> _What you are asked to do_: This task asks for the lines from the one with "Соперником Сан Саныча" to the final line below, repeated exactly, with pictures omitted.

(Collected data)
■ ■ ■

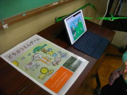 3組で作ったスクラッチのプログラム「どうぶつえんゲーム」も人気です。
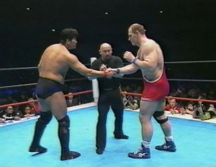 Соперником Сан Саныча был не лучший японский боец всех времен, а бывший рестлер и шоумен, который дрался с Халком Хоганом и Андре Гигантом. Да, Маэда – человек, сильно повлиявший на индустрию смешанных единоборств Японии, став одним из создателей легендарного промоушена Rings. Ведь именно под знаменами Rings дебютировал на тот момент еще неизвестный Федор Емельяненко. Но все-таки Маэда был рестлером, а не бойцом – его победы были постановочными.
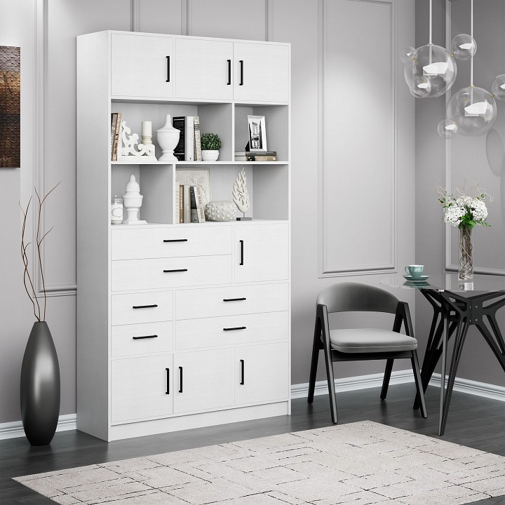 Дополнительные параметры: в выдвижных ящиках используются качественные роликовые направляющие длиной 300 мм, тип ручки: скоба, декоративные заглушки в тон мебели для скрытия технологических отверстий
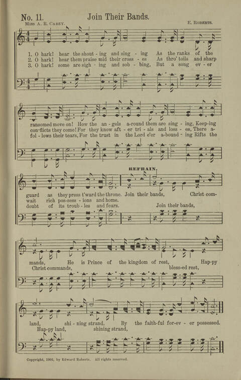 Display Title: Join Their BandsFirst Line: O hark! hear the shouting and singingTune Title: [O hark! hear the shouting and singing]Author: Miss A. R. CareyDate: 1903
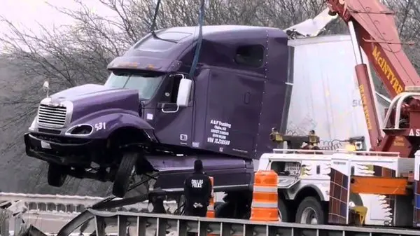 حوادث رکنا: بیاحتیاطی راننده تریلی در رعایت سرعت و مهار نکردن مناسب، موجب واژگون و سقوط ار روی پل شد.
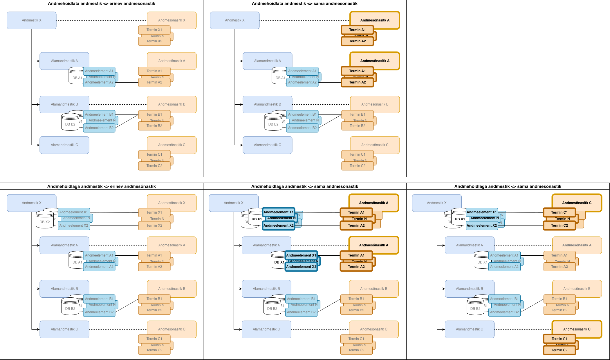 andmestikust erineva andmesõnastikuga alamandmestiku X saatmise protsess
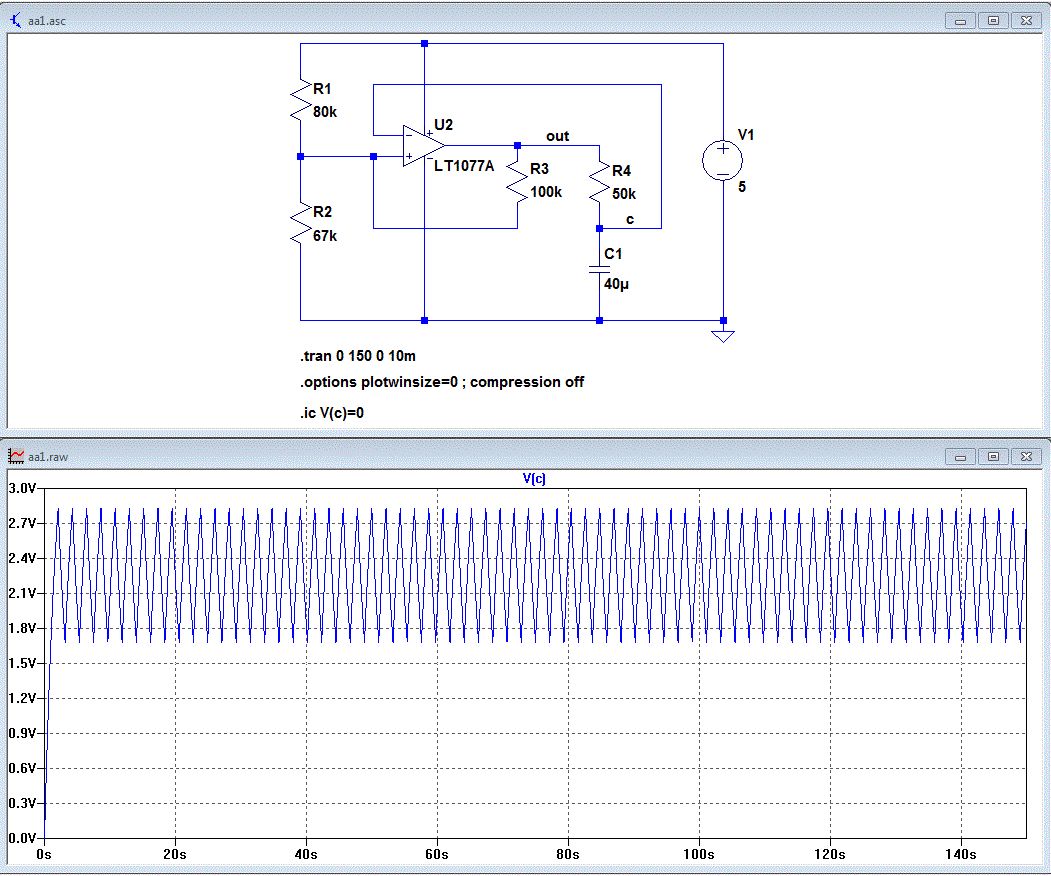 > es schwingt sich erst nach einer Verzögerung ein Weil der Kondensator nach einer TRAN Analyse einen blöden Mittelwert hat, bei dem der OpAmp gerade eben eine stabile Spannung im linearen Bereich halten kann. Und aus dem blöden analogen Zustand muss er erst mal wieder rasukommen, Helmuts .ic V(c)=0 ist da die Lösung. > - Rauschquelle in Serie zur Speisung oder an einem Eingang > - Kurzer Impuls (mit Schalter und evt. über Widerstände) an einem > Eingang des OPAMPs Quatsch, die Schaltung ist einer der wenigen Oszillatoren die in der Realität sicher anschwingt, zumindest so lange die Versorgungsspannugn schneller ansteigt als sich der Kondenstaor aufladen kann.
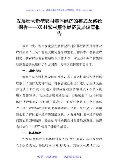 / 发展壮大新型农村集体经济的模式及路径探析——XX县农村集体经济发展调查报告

■ ■ ■

> _Result_:
 Соперником Сан Саныча был не лучший японский боец всех времен, а бывший рестлер и шоумен, который дрался с Халком Хоганом и Андре Гигантом. Да, Маэда – человек, сильно повлиявший на индустрию смешанных единоборств Японии, став одним из создателей легендарного промоушена Rings. Ведь именно под знаменами Rings дебютировал на тот момент еще неизвестный Федор Емельяненко. Но все-таки Маэда был рестлером, а не бойцом – его победы были постановочными.
 Дополнительные параметры: в выдвижных ящиках используются качественные роликовые направляющие длиной 300 мм, тип ручки: скоба, декоративные заглушки в тон мебели для скрытия технологических отверстий
 Display Title: Join Their BandsFirst Line: O hark! hear the shouting and singingTune Title: [O hark! hear the shouting and singing]Author: Miss A. R. CareyDate: 1903
 حوادث رکنا: بیاحتیاطی راننده تریلی در رعایت سرعت و مهار نکردن مناسب، موجب واژگون و سقوط ار روی پل شد.
 andmestikust erineva andmesõnastikuga alamandmestiku X saatmise protsess
 > es schwingt sich erst nach einer Verzögerung ein Weil der Kondensator nach einer TRAN Analyse einen blöden Mittelwert hat, bei dem der OpAmp gerade eben eine stabile Spannung im linearen Bereich halten kann. Und aus dem blöden analogen Zustand muss er erst mal wieder rasukommen, Helmuts .ic V(c)=0 ist da die Lösung. > - Rauschquelle in Serie zur Speisung oder an einem Eingang > - Kurzer Impuls (mit Schalter und evt. über Widerstände) an einem > Eingang des OPAMPs Quatsch, die Schaltung ist einer der wenigen Oszillatoren die in der Realität sicher anschwingt, zumindest so lange die Versorgungsspannugn schneller ansteigt als sich der Kondenstaor aufladen kann.
 / 发展壮大新型农村集体经济的模式及路径探析——XX县农村集体经济发展调查报告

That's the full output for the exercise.